Who doesn’t love a fritter?
Using leftovers in creative ways can be part of adopting a zero waste cooking strategy. I steamed some broccoli and carrots for dinner one night, and had about a cup and a half leftover. Sure you can just reheat the veggies and eat them again as a side dish. But that’s sort of boring right?
Instead, I whipped up these broccoli-carrot fritters and gave the leftovers new life. You can substitute just about any cooked vegetable for the broccoli-carrots. These can be made as an appetizer, be served as a side dish, or to top a salad. Enjoy!
These pan-fried veggie fritters are a delicious way to use up leftover cooked vegetables. This recipe makes about six 3-inch fritters.

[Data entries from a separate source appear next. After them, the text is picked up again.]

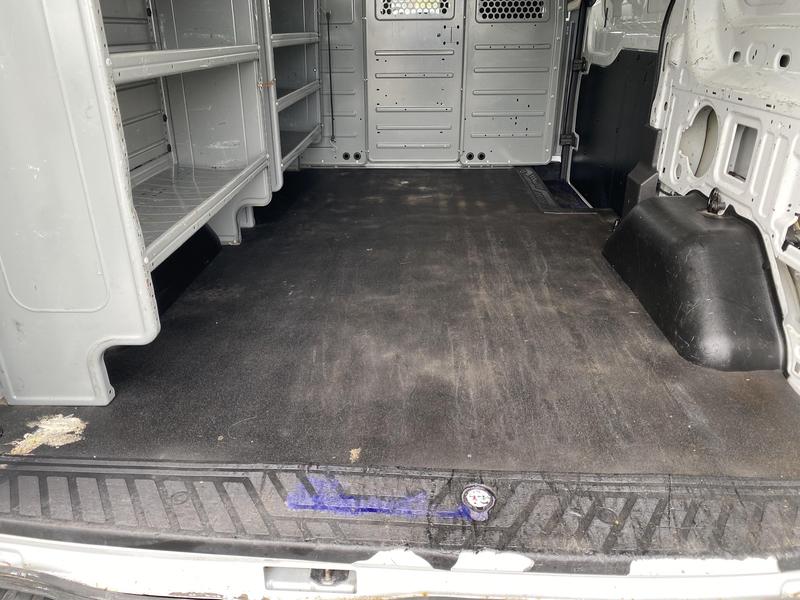 2017 Ford Transit 150 Van Low Roof Cargo Van Rear Shelving 130-inch Wheelbase, 3.7L, 6 cylinder, 2 door, automatic, RWD, 4-Wheel ABS, AM/FM radio, power door locks, power windows, white exterior, gray interior, cloth.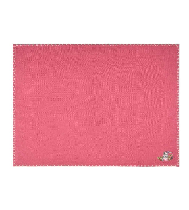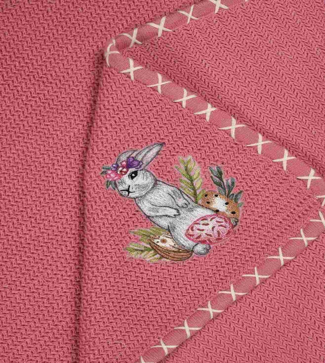 This soft and lightweight herringbone baby blanket comes with contrasting cross-stitch edging. An embroidered Easter rabbit adds to the warmth of the baby blanket. It has been designed with care using premium quality 100 percent cotton. Disclaimer: Product colour may slightly vary due to photographic lighting sources. Country of Origin - India.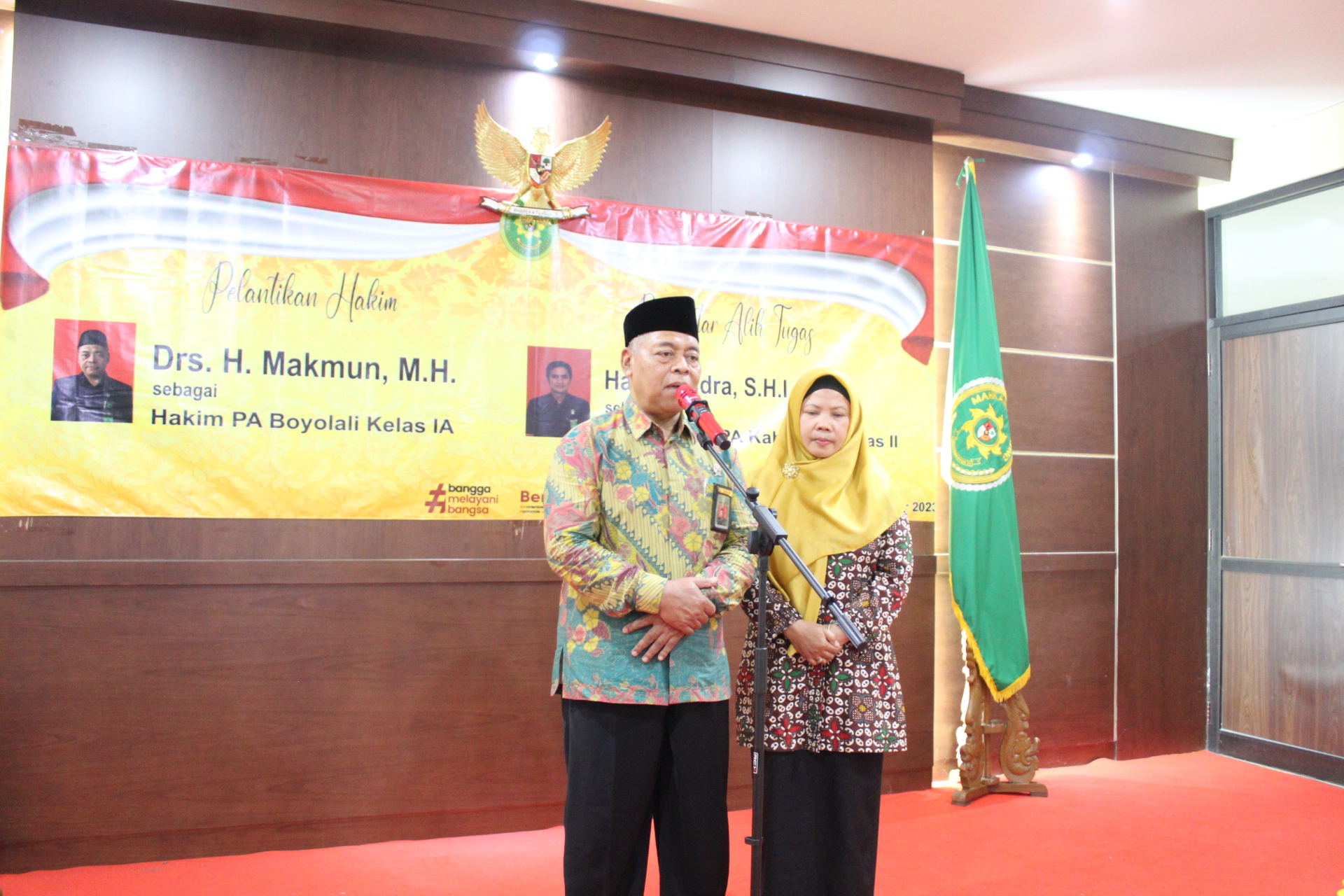 Sebagai acara pamungkas, Drs. Media Rinaldi, M.A. selaku Ketua Pengadilan Agama Boyolali memberikan sambutan. Beliau mengucapkan selamat datang kepada Drs. H. Makmun, M.H. yang baru saja dilantik. Meskipun nanti bertugas di Pengadilan Agama Karangnyar, beliau berpesan untuk melaksanakan tugas dengan baik. Karena bagaimanapun juga statusnya adalah sebagai Hakim Pengadilan Agama Boyolali. Dimana jika ada yang kurang baik nantinya Ketua Pengadilan Agama Boyolali yang tetap akan bertanggung jawab.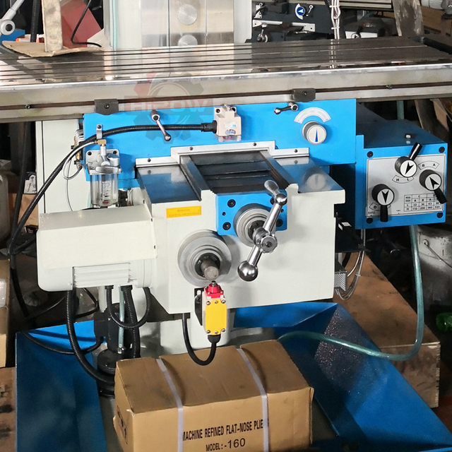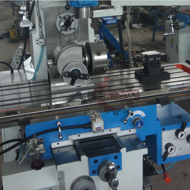Key Features 1. The milling head has automatic drilling function and can rotate ±45 2. Universal milling machine has milling and tapping functions 3. The machine tool table adopts gear transmission power feed, 4.Full-featured and flexible 5. Universal milling machine can be equipped with plugs and rotating worktable 6. The working table and guide rails are made of supersonic high-frequency quenching 7. The workbench is made of HT200-250 high-strength cast iron 8. Dovetail groove workbench guide rails can withstand greater overturning moment 9.Vertical milling spindle automatic feed 10. Gear drive milling head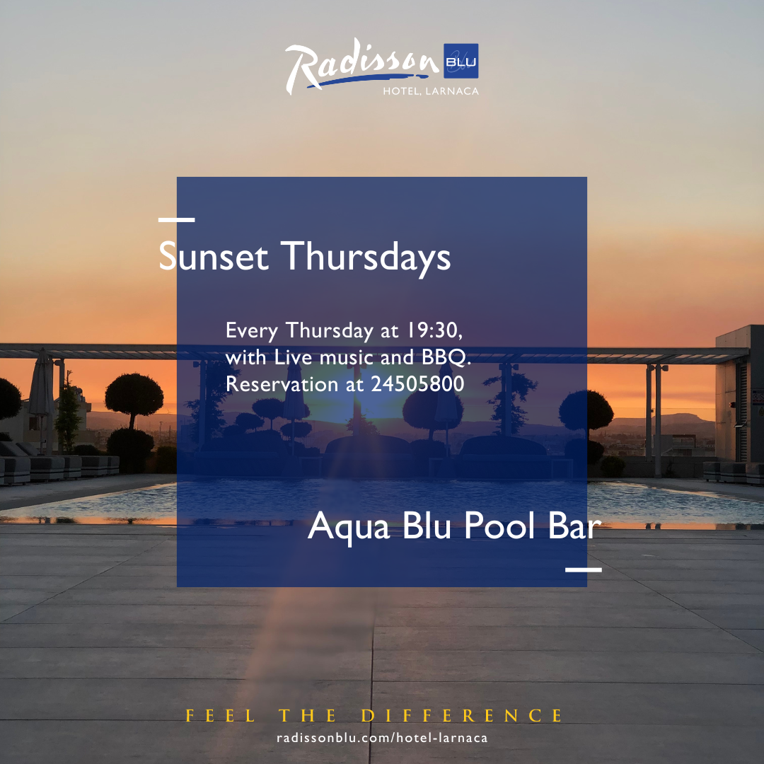 Η Λάρνακα κάθε Πέμπτη απολαμβάνει την απόλυτη εμπειρία του μαγευτικού ηλιοβασιλέματος, στο Aqua Blu Pool Bar, του Radisson Blu Hotel.

- 1 1/2 cups cooked vegetables, finely chopped
- 1/4 cup AP flour
- 1 egg beaten
- 1/8 tsp salt to taste
- ground pepper to taste
- 1/3 cup shredded cheese
Add all ingredients to a medium bowl and mix until well combined.
Heat a griddle or nonstick pan over medium-high heat. Coat with cooking spray, then add 1/4 cup of veggie-batter to pan. Flatten (like a pancake) and brown each side for about 2 to 3 minutes until lightly browned.
Transfer to serving dish. Serve with your favorite dip, hot sauce, or dressing.